1) Download or dump your BIOS, if your bios is ami (my case) then use AFUWINx64
2) Get AMI Aptio UEFI MMTool v5.0.0.7 and UEFITool, HxD (or your fav hex editor)
3) Open your BIOS image with UEFITool, then File>Search, in our case Haswell has the following ID:
Quote
C3 06 03
, enter C3 06 03 in Hex pattern dialog click OK
4) You can see the last four Hex pattern result, double click the first result and a structure item in the main dialog will be highlighted, right click>Extract as-is to a folder (be sure to be neat and organized or you will mess things up)


5) Do the same with the third result and save it as a diff name other than the first one
6) Now in the folder you have saved the 2 files from step 4&5, open the first one with HxD(any hex editor) and look for
Quote
C3 06 03


be sure to choose Datatype:Hex-values then hit search
7) Press F3 to find again till you reach this pattern(highlighted):
8) (1) Indicates the microcode version, 17 in this case, we want 00 (cpu stock), (2) the platform ID (the search context we reached at) (3) the microcode length = 5000 (in my case) in reverse (important to know when the microcode ends in order to remove).
9) Adjust the cursor on the beginning of the highlight text/microcode (01) right click>Select Block>Length>5000 or whatever in your case
10) Delete the highlighted blocks (after step 9) then save the file
11) Do the same with the second result from step 3 to 10 then save
12) go back to UEFITool, double click the first result like you did in step 4, right click the highlighted structure in the main dialogue > Replace as-is then choose the FIRST file you edited in HxD
13) Double click the third result and follow step 12 with the SECOND file you edited in HxD
14) You will see "Rebuild" in action row, File>Save image as> P15SM04.PM2 in my case (can be any name as long as your flashing tool recognize it)
15) Open AMI Aptio MMTool > Load Image > your modified rom > CPU Patch Tab and verify there is no 06C3 in CPU ID
16) Be brave and flash your BIOS









*Windows Mod to remove auto update microcode on boot:*
1) Remove mcupdate_GenuineIntel (and backup) from System32
2) Done

*Overclocking:*
1) Check CPU MCIDownload AIDA64 , open AIDA64>Motherboard>CPUID and look at IA Brand ID, it should be 00h


2) Download the latest beta Throttlestop (not stable) in my case 810b2
3) Make sure you don't have XTU installed or running (especially at startup) or it will reset any changes in Throttlestop
4) Open throttlestop, click FIVR and look at "[checkbox] Overclock [DIALOG] Max" and note it down
5) Now here is the magic! close FIVR and open it again, [DIALOG] Max value should increase by 2 (up to 80x max ~ 8ghz) everytime you open and close FIVR aslong as long as you increase one of the cores, _(bin recursion on msr15, you *can't* set this outside throttlestop if you can't read max turbo possible by the cpu itself everytime)_


6) Increase "Set multiplier" to maximum after your final changes in FVIR (Iv set mine to 42x all cores, so I increased set multiplier to 42 aswell - note voltage ID is messed up ignore it)
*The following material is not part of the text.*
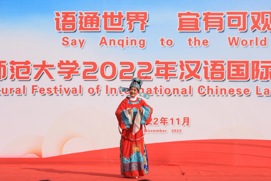 11月9日,beat365英国官方网站“语通世界 宜有可观”-2022年汉语国际教育文化节隆重开幕,校党委副书记崔明出席开幕式,为“安徽省华文教育基地”揭牌,并宣布文化节开幕。相关职能部门、兄弟学院、beat365英国官方网站负责人与汉语国际教育专业师生代表等500余名师生共同观看中外才艺汇演。

7) Increase voltage in FVIR for stability by using cinebench run 3 times instead of prime95, as it stresses FPU which increases heat and tdp instead...
8) Unlock maximum TDP and turbo wattage in TPL, in my case:


9) Done! Changes should be persistent as long as you dont save and exit from BIOS, here is my result in Cinebench with temp throttling (from 4.3 to 3.9 ghz), room temp 25-27 XD: (no.1 at 4.2ghz, no.7 stock latest microcode)

UPDATE: OCed RAM from 1600 to 1866, [email protected], +200mV adaptive vcore:


I'm also getting 852 with 4.5ghz, t̶h̶o̶u̶g̶h̶ ̶i̶t̶s̶ ̶u̶n̶s̶t̶a̶b̶l̶e̶ ̶a̶s̶ ̶t̶h̶e̶ ̶f̶r̶e̶q̶u̶e̶n̶c̶y̶ ̶s̶c̶a̶l̶e̶s̶ ̶d̶o̶w̶n̶,̶ ̶(̶m̶a̶y̶b̶e̶ ̶d̶u̶e̶ ̶t̶o̶ ̶h̶i̶g̶h̶ ̶v̶o̶l̶t̶a̶g̶e̶)̶
Static voltage table like on load method using TS:





*Post your results and I'll copy it here.*

*Tips:*

-I highly recommend lapping heatsink and use liquid metal thermal paste or any decent tp ( I used collaboratory liquid ultra) before doing this.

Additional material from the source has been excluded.